Let's Put Foreign Policy on the Front Burner in the Presidential Race
What did the Iowa victors have in common? Pakistan! As in, neither Mike Huckabee nor Barack Obama know much of anything about it.
So what did Iowa voters, left and right, have in common? They didn't care.
And hopefully that's a mistake New Hampshire voters and those in the states that come after don't make.
I don't expect much from the Democrats' camp: Barack Obama wants to invade Pakistan, jack up everything, screw up the world, but it's OK because he's a change, according to Iowa folks. In Saturday's debate, other Dems suddenly hopped on the same bandwagon, with Hillary Clinton at least cautioning that you should warn Pakistan first so they don't think it's India starting a war and nuke the bejeezus out of each other. But it's disturbing to see the GOP ticket turning into a foreign policy wasteland, with comments such as Huckabee's.
"President Bush didn't read it for four years; I don't know why I should read it in four hours," the quipmaster said about his ignorance of the National Intelligence Estimate on Iran.
In response to the assassination of Benazir Bhutto, which quickly became every candidate's political football du jour, Huckabee said, "In light of what happened in Pakistan yesterday, it's interesting that there are more Pakistanis who have illegally crossed the border than of any other nationality except for those immediately south of our border."
Yet from CNN: "But the Border Patrol (said) it apprehended only 'a handful' of illegal immigrants from Pakistan in 2007. The number of illegal immigrants from Pakistan deported or apprehended is not mentioned in the latest report from the Department of Homeland Security/Office of Immigration Statistics. In 2005, the nation did not make the list of the
top 10 sources of illegal immigrants. The previous year, Pakistan was the last country listed, but no specific numbers were given."
Hucakbee's goofs didn't stop there: Martial law had been lifted before Bhutto's death, Pakistan shares its western border with Afghanistan, you know the rest.
As Iowa voters were preparing to go to the caucuses last Thursday, I was sitting in the Pakistani consulate in Los Angeles, chatting with Consul General Syed Ibne Abbas. I asked him about Obama's invasion strategy ("it was not taken very well") and Huckabee's assertion of mass Pakistani illegal immigration.
Abbas took a breath. "I don't want to comment, but I would say that he needs to get his geography correct!"
The Huckman is hardly alone. Mitt Romney's immediate response to the Bhutto slaying was a bizarre preemptive passing of the buck: "If the answer for leading the country is someone that has a lot of foreign policy experience, we can just go down to the State Department and pick up any one of the tens of thousands of people who spent all their life in foreign policy."
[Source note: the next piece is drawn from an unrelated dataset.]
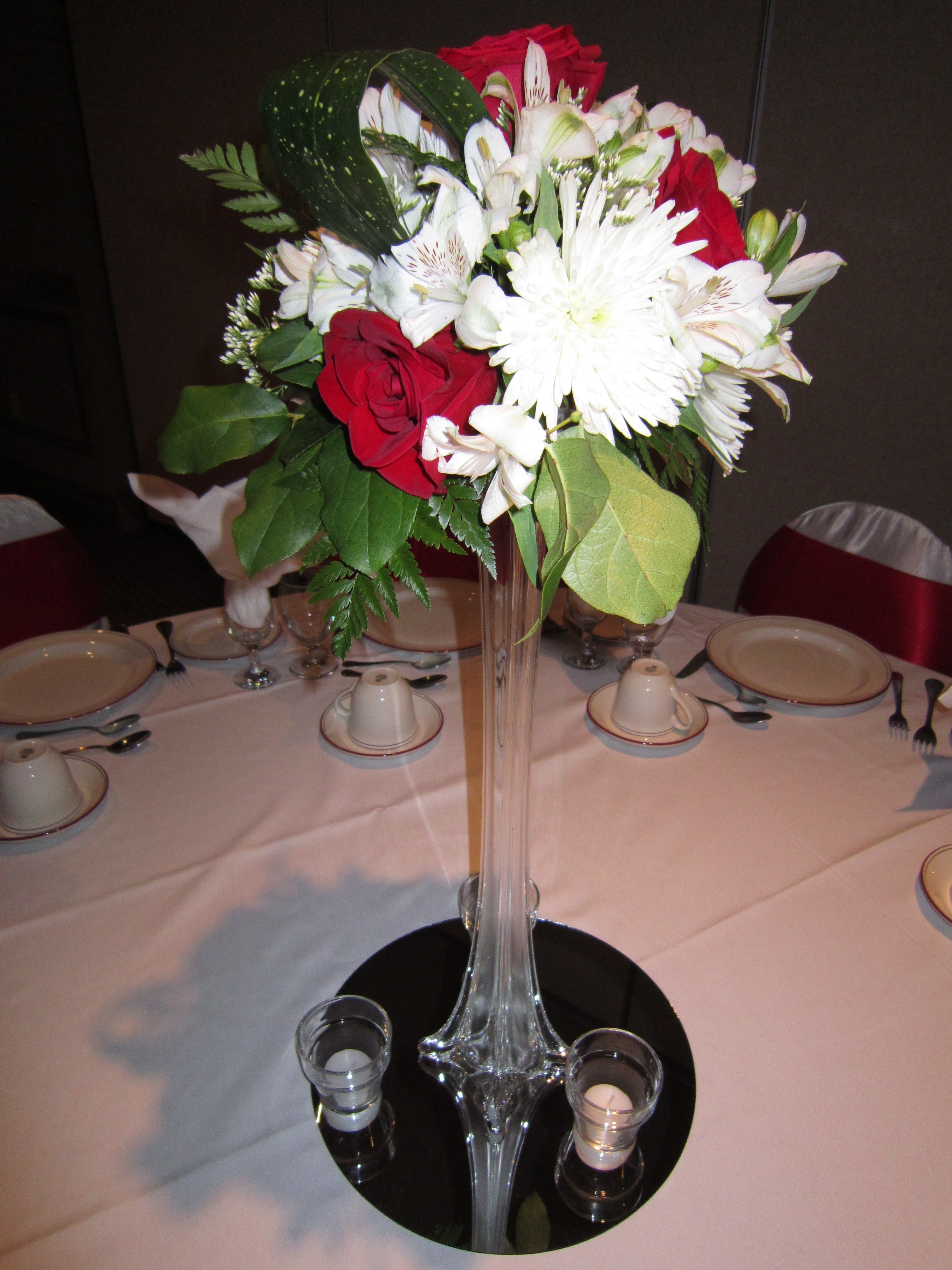 For the centerpieces we went with an Eiffel tower vase and an arrangement on top. The arrangement included, roses, alstro, spider mums, green and white fillers.

Romney likened the presidential office to a CEO post where one can simply put together "a great team of people to be able to guide and direct them to understand what decision has to be made."
The president of the United States can't just lean on a stable of "yes"-men to make key foreign policy decisions. Nor can voters take for granted that just any candidate will be suitable in this area in these troubled times.
Going into Iowa, a Dec. 19 Washington Post-ABC News poll asked likely Republican caucus-goers to name the single most important issue in their vote; foreign policy came in at less than 0.5 percent.
The poll also asked which candidate "best understands the problems of people like you." But the next president needs to have a firm understanding of the problems of people who aren't like you to both keep the nation safe and to ensure the United States is a productive, proactive leader in the global community instead of an isolated sitting duck.
Foreign policy is not just the territory of snooty wonks with personal agendas to grind. Tucked away in America's heartland, it may be easy to forget that assassinations far away, Hugo Chavez's political shell games, extremism in the U.K., or the machinations of Iran affect the future of our country and its friends as well. It affects whether, in the future, sons and daughters in uniform will be able to fight effectively (like if enough troops had been sent into Iraq from the beginning), as well as when they might have to fight again.
Foreign policy can buoy the conscience of this nation -- or, if we turn our backs on the Rwandas of the future and the like in the form of an immorally non-interventionist policy, it can decimate the conscience of our nation.
Let's just hope that, from here on out, GOP voters put foreign policy on the front burner. Otherwise, how do you say "doh!" in Urdu?
Bridget Johnson is a columnist at the Los Angeles Daily News.